Their theses—which were almost always excellent—then served as the launching point for the
entire class period’s discussion. Many students refined the ideas they presented in class for the
essays they were assigned to write on that novel. This exercise teaches students how to read
analytically and that their writing can simply be an extension of this accomplishment.

When students learn that the skills that serve them in discussions are the same skills that will
help their writing, their writing almost uniformly improves. Yet, mastering writing requires
individual practice as well. For this reason, when grading essays I highlight two specific
techniques, such as choosing better evidence or sentence structure, for a student to focus on in
the following assignment. A portion of the next paper’s grade is then based on their success in
improving these skills. In this manner, I tailor my writing instruction to meet the needs of
individuals. To help my students better learn the process of revision during this past year, I have
frequently given them opportunities to rewrite their papers after I have graded them.

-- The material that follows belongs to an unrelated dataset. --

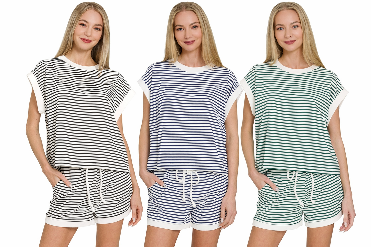 Sporty, comfy, and effortlessly cute—the Ballpark Stripe Set is your go-to for game days, casual weekends, and everyday wear. Featuring classic hunter green and cream stripes, this two-piece set brings an easy, relaxed vibe with a polished finish.

While my
writing assignments foreground multiple stages of revision before a paper is due, I have found
that when students receive a grade for what they thought was the “final” version and then have
the chance to address my specific comments about how to make their sentences, paragraphs, or
the entire paper more rhetorically effective they learn better to identify what separates good and
excellent writing, enabling them to become confident that they can communicate effectively with
others.

My own abilities as a reader and writer have not been developed in solitude, but as part of
various communities of teachers and peers. Passing on the value of writing and reading
communities both assists my students in their college careers and equips them to interpret
difficult situations and communicate their solutions to the communities in which they participate.